Keir Starmer has been hit by a shadow cabinet resignation in the middle of his party conference after a row with one of his top team over minimum wage policy.

Andy McDonald, the shadow secretary of state for employment rights, said on Monday afternoon his position on Sir Keir’s front bench was “untenable” and that he could no longer work for the party leader.

In his resignation letter Mr McDonald said Sir Keir’s office had “instructed” him “to go into a meeting to argue against a national minimum wage of £15 an hour and against statutory sick pay at the living wage”.

Mr McDonald said this was “something I could not do”. He warned that Labour was “more divided than ever” under Sir Keir’s leadership.

The resignation is a blow for the Labour leader who was hoping to turn the page on a row with the party’s left wing that characterised the first part of the conference.

Sir Keir kicked off the conference with a defeat on plans to end one member, one vote for Labour leadership elections, but narrowly passed alternative changes to Labour rules that will make it harder for MPs with less support from their colleagues to get on the ballot.

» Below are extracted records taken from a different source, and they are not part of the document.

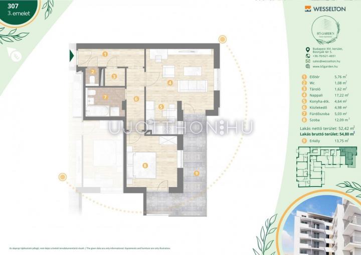 2 szobás 55 m2-es Lakás B5 Garden Residence - Budapest XIV. kerület, Kiszugló, Bosnyák Utca 5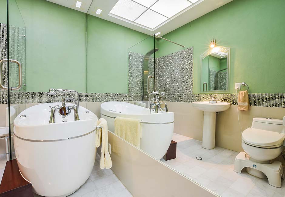 Baño completo con cabina de vapor con regadera y sistema de sonido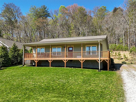 Turn-key ranch style home on nearly an acre with year round mountain views just west of Asheville! Welcome to 353 Youngs Drive Extension. A large and inviting covered front porch is the perfect space to take in the mountain views and entertain. Enjoy one level living with a bright and airy open floorplan that features a vaulted ceiling in the common living area, hardwood floors, stainless steel appliances, dining area, laundry room and more. The primary suite features a vaulted ceiling, walk-in closet, and en-suite bath. This split floorplan also features two guest bedrooms and a full bath. The back deck is covered and overlooks a fully fenced backyard.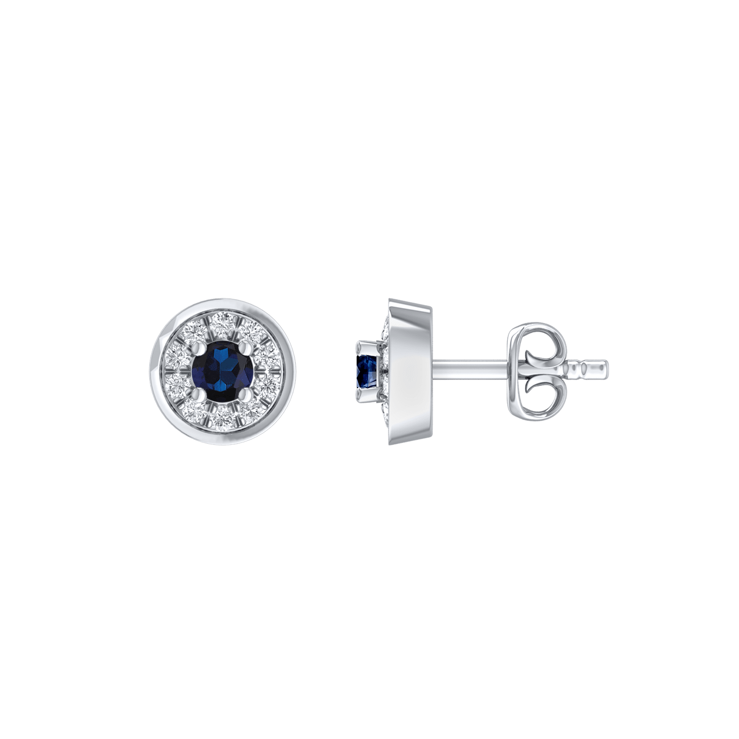 14 kt hvidguld ørestikker cirkel med blå safir og brillanter omkring Brillant i alt 0,11 ct w/si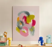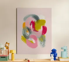 Un'opera d'arte astratta armoniosa, composta da forme circolari sovrapposte e texture pittoriche. La delicata palette di colori crea un punto focale tranquillo che si integra perfettamente in interni minimalisti o moderni.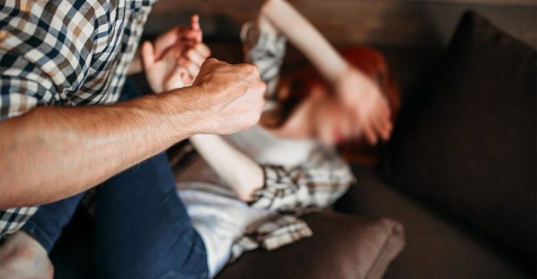 Angry husband beats his wife, domestic violence, quarrel, agressive couple fight. Man and woman in conflict. Problem relationship

During negotiations with trade unions over the rule changes Sir Keir was reportedly taken to task by union leaders for not backing a £15 minimum wage.

The party says it wants a £10 minimum wage at least, around a £1 increase from the existing £8.91, though the rate may have already risen closer to that level by the next general election.

Mr McDonald told reporters outside Labour conference in Brighton: “It was a compositing meeting yesterday when the membership and the unions were promoting [a £15 minimum wage] and to be asked to defend the position and not support what the party and unions wanted to do is something I couldn't in all conscience sustain.

“This is what we should be doing. Is it really unreasonable to expect people going to work, our key workers not to have the level of pay and to be able to sustain their position?"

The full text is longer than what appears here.